Passé curieusement un peu inaperçu à Cannes en 2007, Alexandra n’est peut-être pas une oeuvre aussi séduisante que Le Soleil ou L’Arche Russe (pour évoquer quelques films récents de l’auteur), mais n’en reste pas moins un film formellement impressionnant et délicat (trop diront certains) au regard d’un sujet encore aussi brûlant que celui du conflit tchétchène. Soit Alexandra Nikolaevna, vieille femme digne qui rend visite à son petit fils dans un campement militaire russe installé au sein de la République de Tchétchénie. Ce personnage symbolique de l’ancien monde sera le témoin véloce d’un environnement raréfié (si elle fatigue, elle n’en arrête pas moins d’arpenter ce no man’s land d’après l’apocalypse), traversant avec une confondante facilité, au milieu du film, la frontière qui sépare ces militaires des habitants d’une petite ville tchétchène pauvre et délabrée. Personnage à la fois dépositaire d’une certaine nostalgie des temps anciens mais aussi, comme ça a toujours été le cas chez Sokourov, d’une dureté envers cette nostalgie qui rend le cinéaste et son personnage lucides sur les mouvements de l’Histoire et à ce titre prompts à encourager le présent dans ce qu’il devrait être. S’il y a une nostalgie dans Alexandra, c’est bien une nostalgie du présent, et cette dimension poétique irrigue ce film tout à la fois documentaire et métaphysique.

Au fond, il faut peut-être voir en Sokourov une sorte de contrebandier qui, à l’instar de certains cinéastes de l’âge d’or hollywoodien, fait passer ses propres idées dans le système rigide et coercitif au sein duquel il travaille (le régime autoritaire de Poutine). En contrebande donc, et surtout par les armes du cinéma (les plans, la durée, les choix de montage), non par celle du discours écrit (le scénario) auquel la critique se réfère trop souvent pour assassiner un film où le porter au pinacle. En témoigne par exemple l’acharnement avec lequel Sokourov laisse revenir le plan sur le jeune tchétchène qui raccompagne Alexandra Nikolaevna au checkpoint, comme une réalité qui ne veut pas disparaître, qui veut exister envers et contre tout et auquel Sokourov, par cette insistance, reconnaît une forme de légitimité. Que cette insistance soit également portée par le désir sensualiste du cinéaste à filmer de beaux corps et de beaux visages n’invalide en rien cette réalité subtile de son cinéma. D’autant que jamais, chez lui, on ne trouve ce regard prédateur qui, chez certains, est à peine masqué par de fallacieux prétextes. Sokourov filme les jeunes russes et tchétchènes comme il filmait les soldats des Voix spirituelles, en portant une attention particulière à la présence de chacun : par la durée des plans, la chorégraphie des corps dans le cadre, l’absence d’angélisme qui risquerait toujours de constituer ces jeunes gens en icônes (comme c’est parfois le cas chez un Gus Van Sant) et leur donne au contraire ici un poids de réalité qui les ramène à une dimension concrète et matérialiste des choses (voire triviale : ainsi de ce soldat qui veut acheter de la crème et à qui il est répondu « pour quoi faire ? » avant que le jeune homme n’esquive par un sourire ironique).

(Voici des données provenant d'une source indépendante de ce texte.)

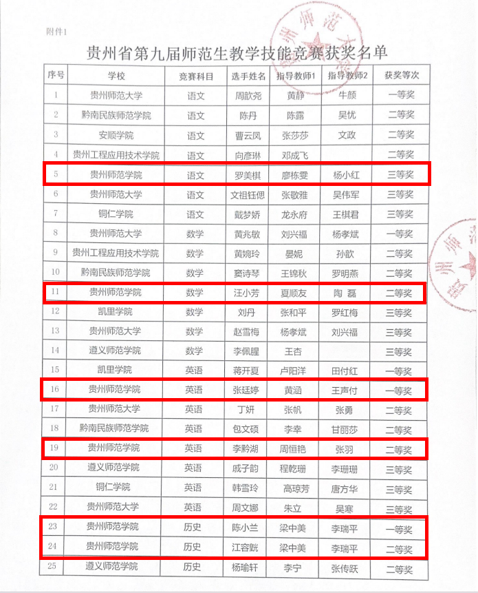 本网讯 6月27日至28日,由贵州省教育厅主办、贵州师范大学承办的贵州省第九届师范生教学技能竞赛在贵州师范大学花溪校区隆重举行。该赛事作为我省教师教育专业的一项传统盛事,YABO鸭脖对此给予了高度重视。在各二级学院和教务处的精心组织与周密筹备下,以及在指导教师的悉心指导和反复打磨下,参赛选手们全力以赴、认真备赛。经过激烈的角逐,YABO鸭脖学子不负众望,最终斩获一等奖5人、二等奖10人、三等奖6人,一、二等奖及获奖总数均位列全省所有参赛院校第二。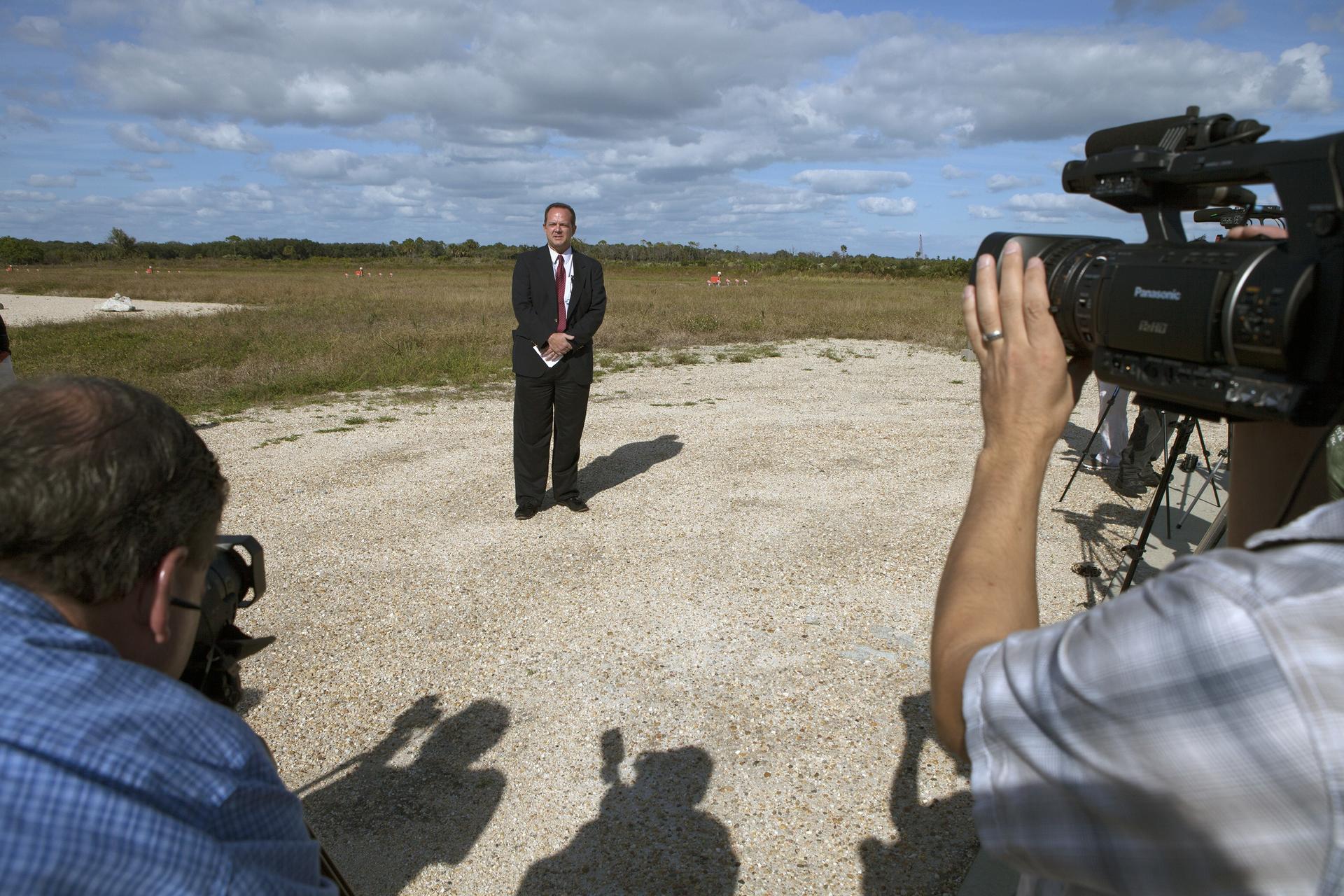 CAPE CANAVERAL, Fla. - Tom Engler, deputy director of Center Planning and Development at NASA's Kennedy Space Center in Florida, speaks to members of the media during an event to announce the agency's Lunar Cargo Transportation and Landing by Soft Touchdown, or Lunar CATALYST, initiative and introduced one of the partners, Moon Express Inc. of Moffett Field, California. The event took place at Kennedy's automated landing and hazard avoidance technology, or ALHAT, hazard field at the north end of the Shuttle Landing Facility. Moon Express is developing a lander with capabilities that will enable delivery of payloads to the surface of the moon, as well as new science and exploration missions of interest to NASA and scientific and academic communities. Moon Express will base its activities at Kennedy and utilize the Morpheus ALHAT field and a hangar nearby for CATALYST testing. The Advanced Exploration Systems Division of NASA's Human Exploration and Operations Mission Directorate manages Lunar CATALYST. Photo credit: NASA/Ben Smegelsky

Quid, aussi, de cette égalité dans le regard qui a fait grincer certaines dents ? Là aussi l’accusation très exagérée d’un simple renvoi à l’identique de la situation des uns et des autres, ne tient que si l’on considère qu’il y a, dans le film, d’un côté un peuple résistant et de l’autre le gouvernement russe, ce qui n’est pas son propos (et ce qui en fait, d’un certain point de vue, sa limite). Il est frappant de voir combien Alexandra est presque exclusivement constituée de deux types de populations : une jeunesse masculine n’excédant pas les 30 ans et un peuple de grands mères qui ne peuvent pas tout à fait les voir comme des adultes. La disparition complète des pères, renvoyés dans un invisible et lointain champ de bataille révèle ici une violence en creux, qui dit tout à la fois la démission de certains et le sacrifice des autres. L’évaporation de cette génération charnière, à laquelle Sokourov ne donne apparemment aucune valeur démonstrative, dit assez bien la façon dont le cinéaste envisage de livrer un discours sur ce qu’il film. Alexandra n’est pas un film à charge (à la différence du récent 4 mois, 3 semaines, 2 jours) et c’est sans doute ce qui rend son appréhension flottante et difficile. Mais c’est aussi ce qui en fait toute la beauté.